Podziwiając panoramy gór udaliśmy się w kierunku Wlenia. Po drodze zatrzymaliśmy się w maleńkiej Bystrzycy, by zobaczyć ponad osiemsetletni cis, drugie pod względem wieku najstarsze żyjące drzewo na Dolnym Śląsku. Ma w nim gniazda około 40 gatunków ptaków.
Wleń był ostatnim etapem naszej wędrówki. Niestety z powodu trwających właśnie prac remontowych nie udało nam się wejść do zamku piastowskiego, w którego lochach Bolesław Rogatka przetrzymywał m.in. wrocławskiego biskupa Tomasza i swojego krewniaka Henryka Probusa z Wrocławia. Jednak wynagrodziły to nam widoki z sąsiadującego z zamkiem wzniesienia: widzieliśmy panoramę całych Karkonoszy ze szczytami m.in. Szrenicy i Śnieżki.
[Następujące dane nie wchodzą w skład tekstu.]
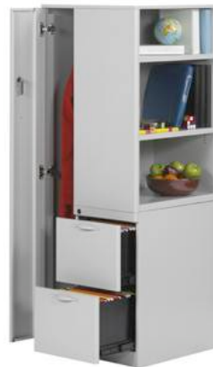
Wardrobe + Storage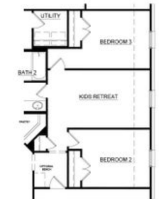
OPT. KIDS RETREAT ILO BEDROOM

4 Bedrooms Optional Fireplace 2 Full Baths Optional Kids Retreat Family Room Optional Study ILO Flex Room Dining Room Optional Covered Patio Nook Optional 24' Garage Flex Room Optional 3-Car Garage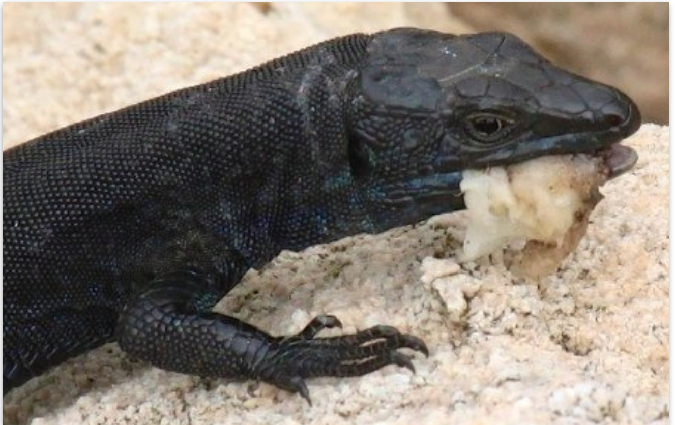
Image 7. Male Podarcis pityusensis at Bleda Plana eating gull spills.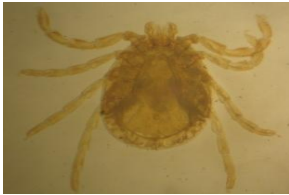
Fig. 5. R. sanguineus at 40X magnification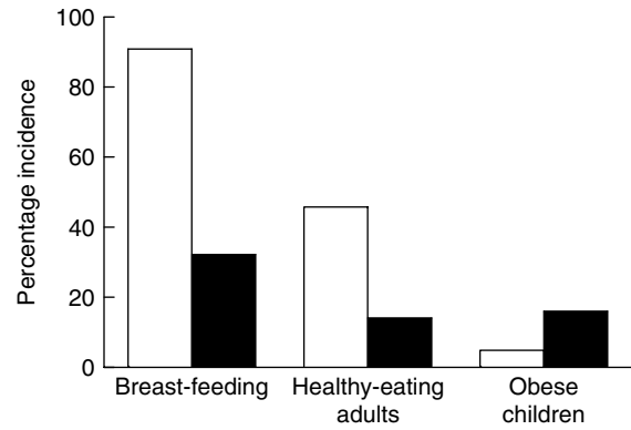
Fig. 3. Summary of the potential influence of social class on the incidence of breast-feeding, adult healthy eating (defined as the daily consumption of five or more portions of fruit and vegetables) and childhood obesity. Percentages of the population are given in relation to the best five (□) and worst five (■) performing areas of the UK (53) .

The epigenome is most susceptible to dysregulation during those periods of life associated with the greatest changes in organ development and growth, i.e. embryogenesis, fetal and neonatal development, puberty and final old age (56) . For example, in the more-extreme challenge of uterine artery ligation in the late-gestation rat, which reduces uterine artery blood flow by approximately 50% (57) , substantial intrauterine growth retardation occurs (58) . When these offspring are cross-fostered onto control dams they show rapid catch-up growth, an adaptation that is likely to be as important in determining the subsequent adverse outcomes as the preceding growth restriction in utero (59) . As adults these growth-manipulated offspring exhibit type 2 diabetes that is associated with progressive epigenetic silencing of the homeobox 1 transcription factor Pdx1 (60) , which is critical for pancreatic \beta -cell function and development (60) . Nevertheless, during the neonatal period the reduction in Pdx1 expression could be reversed in vitro by inhibition of histone deacetylase action. Potential epigenetic effects may well be extended to a number of other tissues and cells and could include the regulation of the intracellular energy locus, as recently shown in vitro (using

Na zakończenie udaliśmy się na kawę i herbatę do Pałacu Książęcego we Wleniu. Przez kilka wieków była to luksusowa siedziba rodu Zedlitzów (w średniowieczu nazwisko to brzmiało Czedlicz).  W XVIII wieku majątek przejął austriacki kapitan Hans Kloss, który po uzyskaniu szlachectwa zmienił nazwisko na Close. W 1894 r. jego potomkowie sprzedali majątek Wilhelmowi Rohrbeckowi z Berlina. Wilhelm – wielki miłośnik drzew i krzewów, który zorganizował przy swojej siedzibie piękny ogród - zmarł w 1914 r., a jego jedyna córka Dorothea została zamordowana jako szesnastolatka na początku 1921 r. Po wojnie mieścił się tu PGR, a potem ośrodek kolonijny. Niestety – jak wiele innych – także i ten obiekt stopniowo niszczał. W 2004 r. kupił go przedsiębiorca z Gdańska, który rozpoczął remont. Prace nad nim dalej trwają, ale już od kilku lat przyjmowani są tu goście. Na ścianach parteru i klatki schodowej wymalowane są herby wszystkich dotychczasowych mieszkańców. Niewątpliwą atrakcją jest możliwość spotkania z duchem Dorothei. Obecny właściciel rezydencji twierdzi, że sam wielokrotnie doświadczał jej obecności: była zawsze życzliwa, budziła go lekkim pukaniem do drzwi, kiedy musiał wstać wyjątkowo wcześnie. Kiedyś podobno nawet uratowała mu życie dobijając się do drzwi, kiedy nad ranem w jego pokoju w wyniku spięcia instalacji elektrycznej pojawił się ogień.
Pałac jest przyjazny także dla miłośników zwierząt: można tu przyjechać ze swoimi czworonogami.
Z Wlenia ruszyliśmy do Wrocławia, planując już kolejną wycieczkę. Odbędzie się ona 4 października.